*What needs to be done*. Make an exact copy of the records, dropping all pictures.

*Data extracts*.
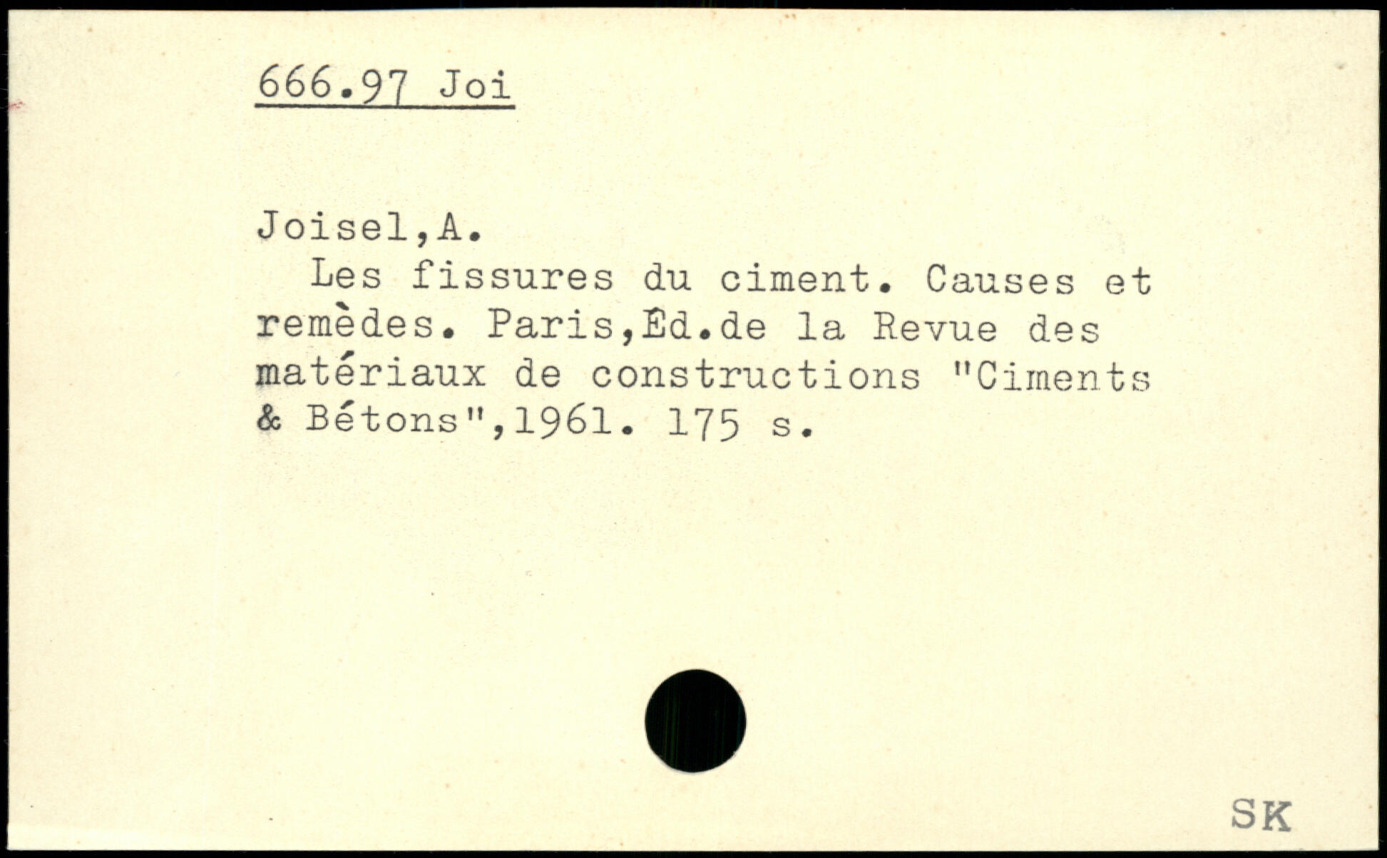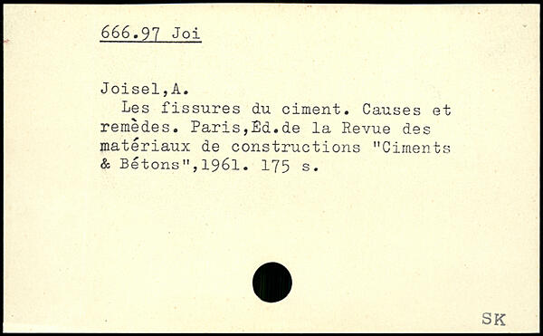 Les fissures du ciment. Causes et remèdes. Paris,Ed.de la Revue des matériaux de constructions "Ciments & Bétons",1961.
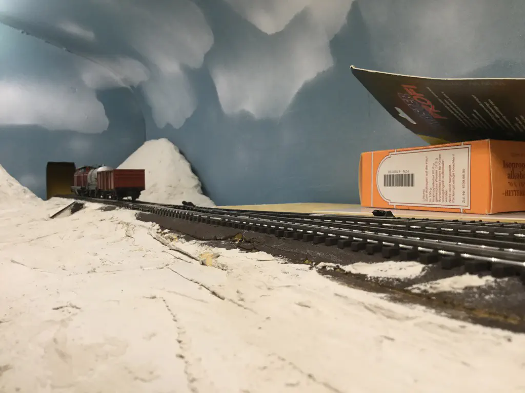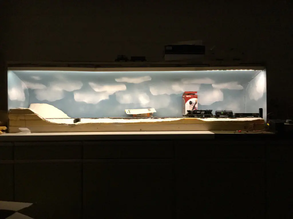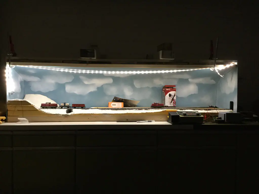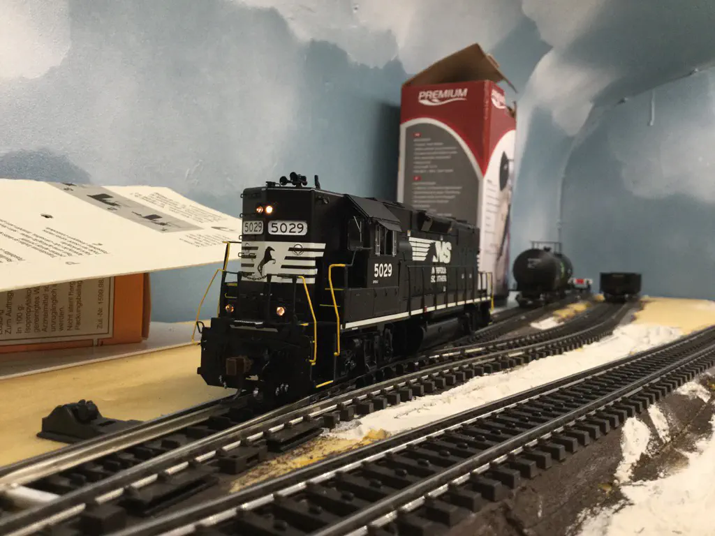 I was quite satisfied with the results and fixed the LEDs in place. After the installation I could not resist and had to unpack my lovely Athearn Genesis GP38-2 and switch some cars. The GP38-2 runs good and sounds great. I used Märklin K-Track with long turnouts. These can be used for the typical “Punktkontakt” (Pukos, third rail in dots) AC locomotives but it can also be used for DC locomotives. Sadly not all DC locomotives can cope with the “Pukos” at the turnouts as they are higher than the outer rails of the track to prevent any shorts. Sadly this locomotive seems to lock up at the Pukos with the couplers. So I could not enjoy a smooth run but nevertheless I am motivated to get this project done and proceed with an US switching layout as my next project.
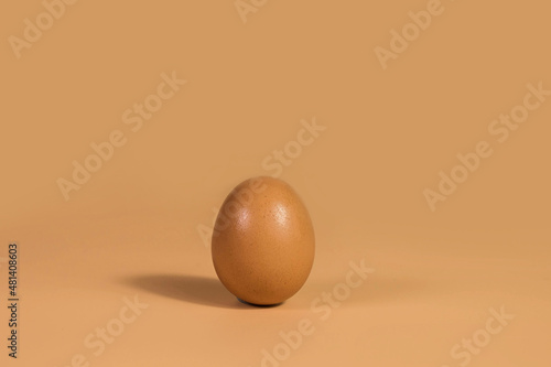 Chicken natural fresh egg is isolated on a beige background. Eco-concept. Vertical photo, postcard.
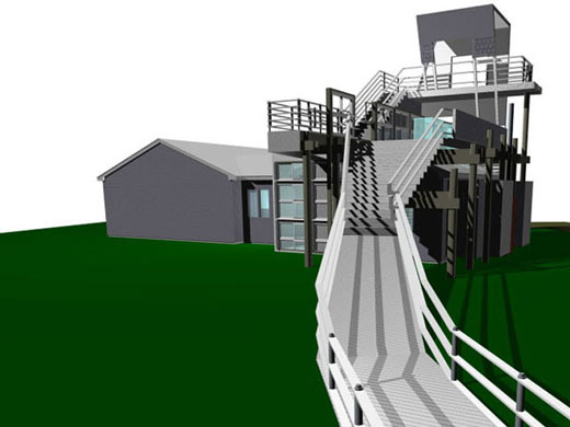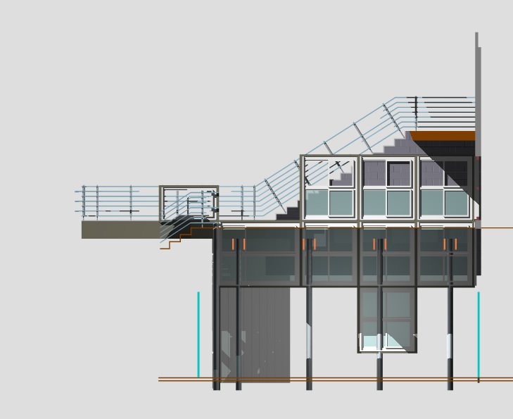 The dock of this waterfront house is drawn up into and onto the house as the new dining room, rooftop deck, and top deck — an inverse inhabition.
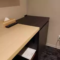 There is a drawer on the left under the desk, and a refrigerator on the right.

*Solution below*.
 Les fissures du ciment. Causes et remèdes. Paris,Ed.de la Revue des matériaux de constructions "Ciments & Bétons",1961.
 I was quite satisfied with the results and fixed the LEDs in place. After the installation I could not resist and had to unpack my lovely Athearn Genesis GP38-2 and switch some cars. The GP38-2 runs good and sounds great. I used Märklin K-Track with long turnouts. These can be used for the typical “Punktkontakt” (Pukos, third rail in dots) AC locomotives but it can also be used for DC locomotives. Sadly not all DC locomotives can cope with the “Pukos” at the turnouts as they are higher than the outer rails of the track to prevent any shorts. Sadly this locomotive seems to lock up at the Pukos with the couplers. So I could not enjoy a smooth run but nevertheless I am motivated to get this project done and proceed with an US switching layout as my next project.
 Chicken natural fresh egg is isolated on a beige background. Eco-concept. Vertical photo, postcard.
 The dock of this waterfront house is drawn up into and onto the house as the new dining room, rooftop deck, and top deck — an inverse inhabition.
 There is a drawer on the left under the desk, and a refrigerator on the right.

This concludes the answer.